En Mujer lobo se coge por todo lo que no se había cogido hasta la fecha en el cine argentino. Y se coge fuerte, a lo bestia, con juegos y con violencia, con brutalidad. Tamae Garateguy prueba ángulos, experimenta con planos largos y se divierte engrosando el lánguido catálogo local de perversiones sexuales. En definitiva, Mujer lobo no es otra cosa que un dispositivo diseñado y calibrado para soportar unas dosis monstruosas de sexo y de muerte, como si a uno siempre, fatalmente le siguiera el otro. La protagonista es una y tres a la vez, como en Mala pero también como en Ese oscuro objeto de deseo (vamos, que la idea del personaje escindido ya estaba inventada antes de Caetano), solo que acá la historia no trata sobre ninguna venganza sino de una asesina implacable que, un poco como en La mujer pantera, nunca deja del todo en evidencia su costado animal. La cacería de la serial killer y sus incursiones en el subte son acompañadas por una robusta banda de sonido, rica en influencias punk y rockeras. No es casual que uno de los crímenes ocurra después de un recital y que la víctima sea un carismático líder de banda; la directora filma con un nervio impresionante el show y la performance desaforada de Guillermo Pfenning, solo para pasar al encuentro con la protagonista después y lograr una de las escenas de sexo más vitales, adultas y libres de todo el cine argentino. No se puede hacer una película sobre la carne, sobre una mujer que devora a sus víctimas, y al mismo tiempo no exhibirla en toda su plenitud, por eso es que Mujer lobo tiene tantos desnudos y se le confiere una importancia descomunal al cuerpo (y no se trata solo del cuerpo de la mujer: la imagen de las tetas gigantes de Luján Ariza dialoga en espejo con el primerísimo primer plano de las nalgas de Pfenning).

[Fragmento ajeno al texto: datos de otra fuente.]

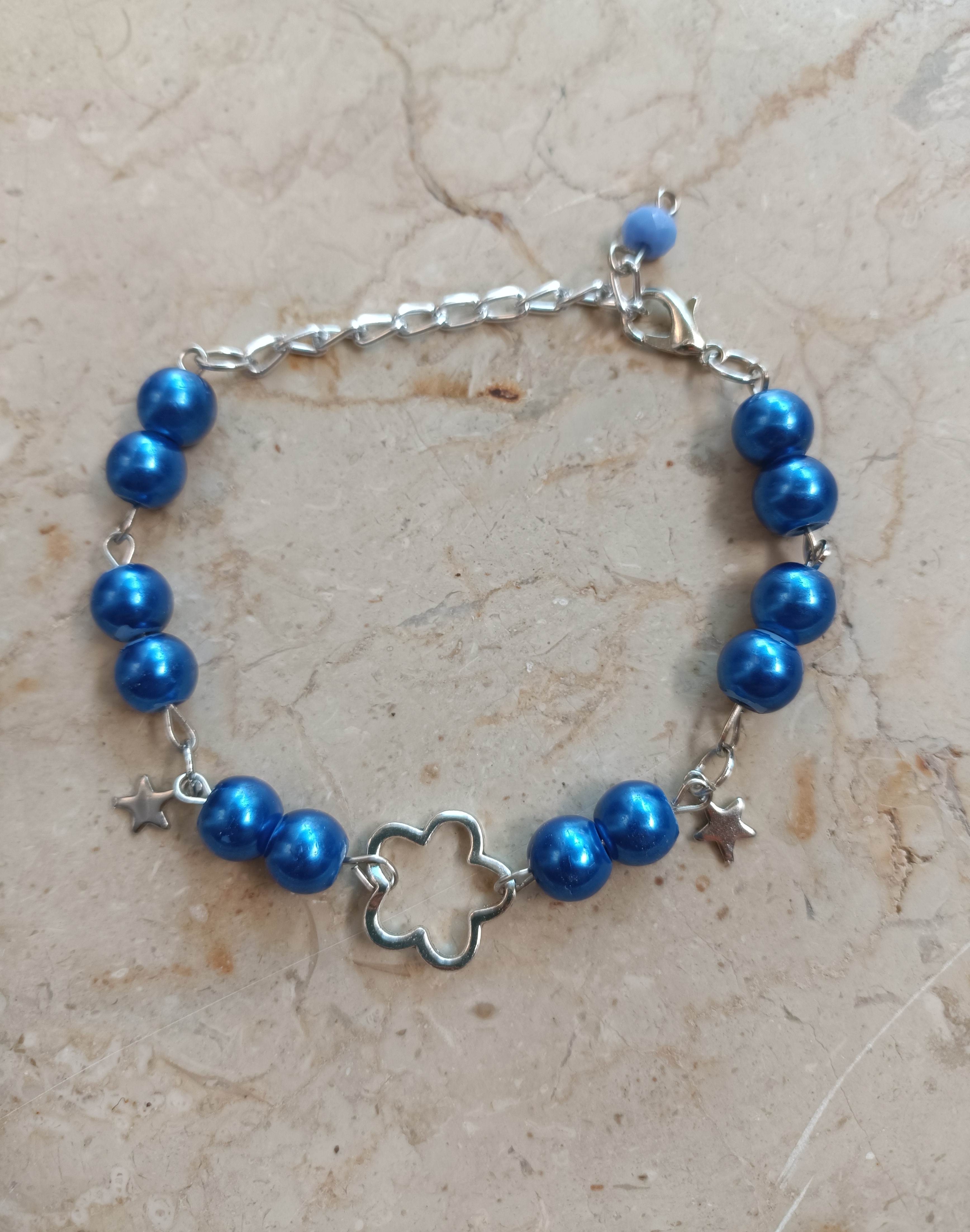 مروارید آبی تیره با خرجکار گل و ستاره 🤩 بسیار زیبا و جذاب 🥹 کاملا دست ساز و محکم ♥️ مناسب برای هدیه دادن و مهمانی 🔥در آب شستشو ندهید 🙏🏻

El nervio que consigue Tamae Garateguy se siente en cada plano, tanto que, a pesar de tratarse de un acercamiento al cine de género, la película desdeña rápidamente los cuerpos destrozados que suelen concentrar la mirada en el terror y el gore: es que la directora, como su protagonista, pareciera interesarse solo por aquello que está vivo, que todavía late y es capaz de convocar el deseo; una vez extinguida esa chispa, la película deja tiradas a las víctimas y se ocupa nuevamente de seguir el movimiento perpetuo de la asesina (interpretada mayormente por Mónica Lairana, que hace un papel extrañamente similar en Las amigas de Paulo Pécora, también proyectada en este Bafici) o la pesquisa del policía que le pisa los talones. Garateguy coquetea con la clase B y el bajo presupuesto pero muestra un grado de sofisticación visual ajeno a ese tipo de producciones: la escena en la casa del policía está filmada casi en su totalidad en un único plano que permite mirar sin restricciones a los dos personajes y las distintas reacciones que tiene uno para con el otro. Si algunas escenas exhiben una pátina de desprolijidad, se trata siempre de una búsqueda de exceso y desborde y no de una falta de pulso, y eso vale tanto para el pistolón que se desenfunda de un momento a otro como para la lluvia de semen notablemente artificial que recibe contra su voluntad la asesina.

La madurez con que la película se permite filmar el sexo, siempre con un compromiso notable y sin necesidad de reírse de sí misma o de autoparodiarse (es decir, sin recurrir a esa risita nerviosa de mucho cine que se quiere provocador pero que se sonroja frente a un desnudo) es equiparable a la libertad que se le otorga al ojo a la hora de observar: Mujer lobo nos convierte en voyeurs condenados a contemplar un acto trágico en el que el placer siempre acaba en una explosión de sangre y espanto; uno sabe lo que viene, pero igual no puede dejar de mirar.